Oliver Razum, Jürgen Breckenkamp et al.: Epidemiologie für Dummies
Rezensiert von Prof. Dr. rer.medic. Martina Hasseler, 17.03.2010

Oliver Razum, Jürgen Breckenkamp, Patrick Brzoska: Epidemiologie für Dummies. Werden Sie zum Gesundheitsdetektiv! Wiley-VCH Verlag (Weinheim) 2009. 398 Seiten. ISBN 978-3-527-70514-6. D: 24,95 EUR, A: 25,70 EUR, CH: 40,00 sFr.
Autoren
Die Autoren arbeiten alle an der Abteilung Epidemiologie & International Public Health an der Fakultät für Gesundheitswissenschaften an der Universität Bielefeld.
- Oliver Razum ist dort Professor für Epidemiologie & International Public Health und unterrichtet schwerpunktmäßig Epidemiologie.
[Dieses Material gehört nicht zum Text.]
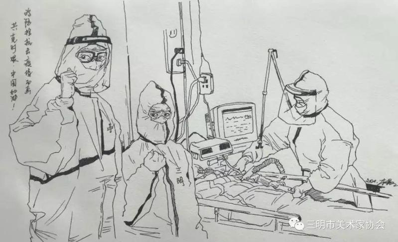 以“画”聚心,共同战“疫”。新型冠状病毒感染的肺炎疫情牵动全国人民的心,也牵动艺术与设计学院广大美术爱好者的心,大家纷纷响应省文化旅游厅、美协、市美协关于倡议踊跃创作抗击疫情主题美术作品的通知,师生积极“用心、用情、用爱”创作,用创作共筑防病抗疫的保护墙。目前被三明市美术家协会采纳刊发作品10余幅。作品体现了歌颂医护工作者等一线抗击疫情的英雄们,弘扬抗击疫情过程中涌现的各种正能量。艺术与设计学院师生用手中的画笔记录新时代最美中国人,描绘万众一心、共克时艰、共同战“疫”的新时代壮举。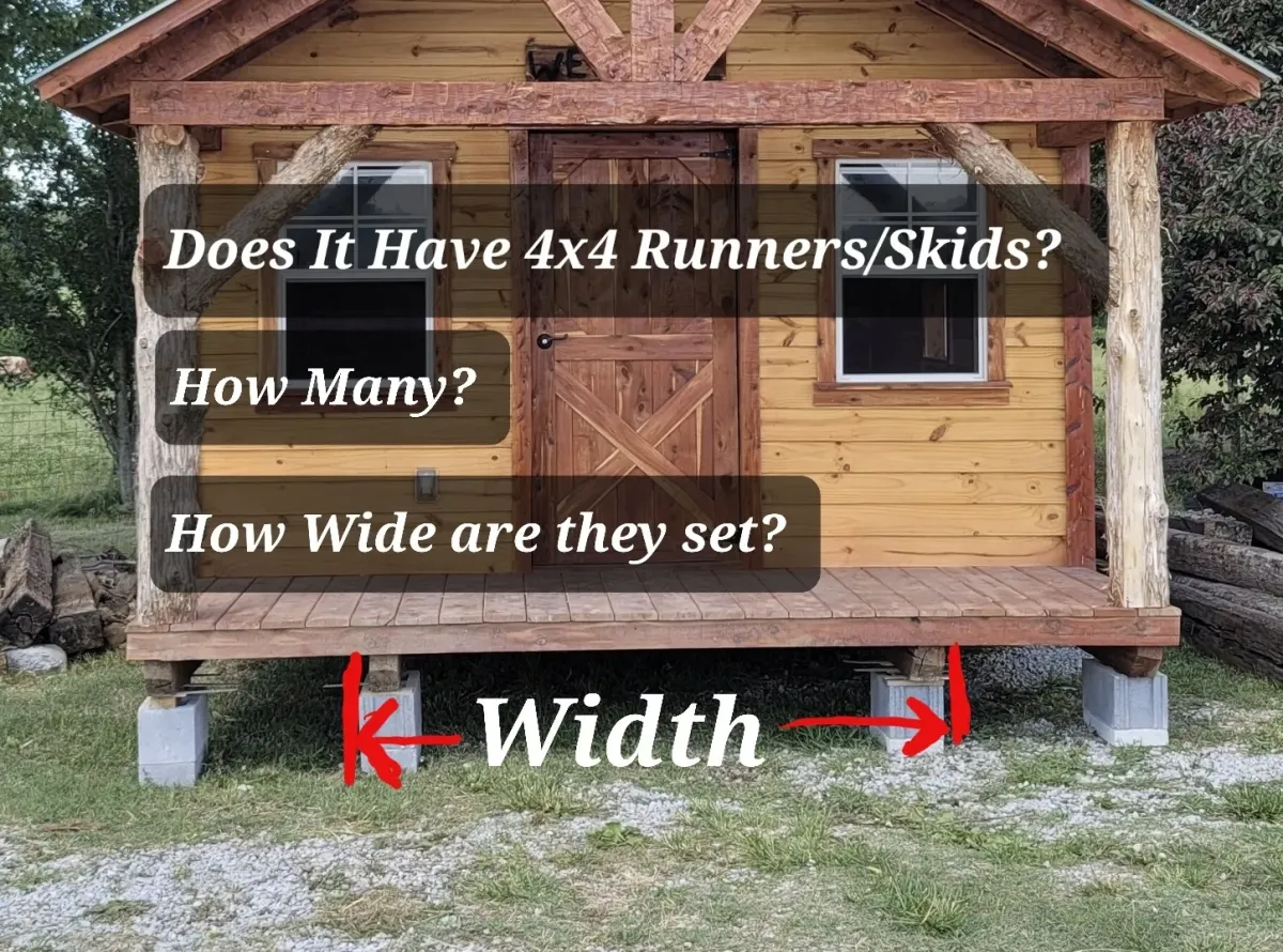 Building Size- Refer To Pictures (provide height at tallest point to the bottom of the 4x4 runners, width at widest point, and length at longest point)
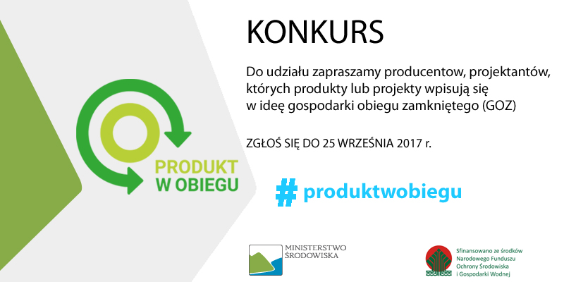 Konkurs Ministra Środowiska – Produkt w obiegu. Zgłoszenia przyjmowane są do 2 października 2017 r. Celem konkursu jest promocja i upowszechnianie osiągnięć w dziedzinie ekologicznego, zrównoważonego projektowania oraz zastosowania innowacyjnych rozwiązań w zakresie ponownego włączenia produktu do obiegu - po zakończeniu użytkowania w jego pierwotnej formie.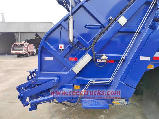 この車両は完全油圧駆動システムを搭載しており、オペレーターはコントロールパネルまたは無線リモコンを使用して、ゴミの積み込み、圧縮、積み下ろしの全工程を完了できるため、労働強度が軽減されます。さらに、コンテナの充填量をリアルタイムで監視するセンサーを搭載し、自動的に圧縮を停止し、警告を発して過積載を防止します。安全性を考慮し、後部ドアには油圧ロック機構が備わっており、輸送中の液漏れを防止します。さらに、緊急ブレーキシステムと横転防止装置が走行安全性を確保します。

Seine Forschungsschwerpunkte sind Sozialepidemiologie, Migration und Gesundheit und Gesundheitsversorgung in Entwicklungsländern.
- Jürgen Breckenkamp ist promovierter Gesundheitswissenschaftler mit einem Forschungsschwerpunkt zum Thema Herz-Kreislauf-Erkrankungen und insbesondere zur Frage, ob Hochfrequenzstrahlungen gesundheitliche Auswirkungen haben.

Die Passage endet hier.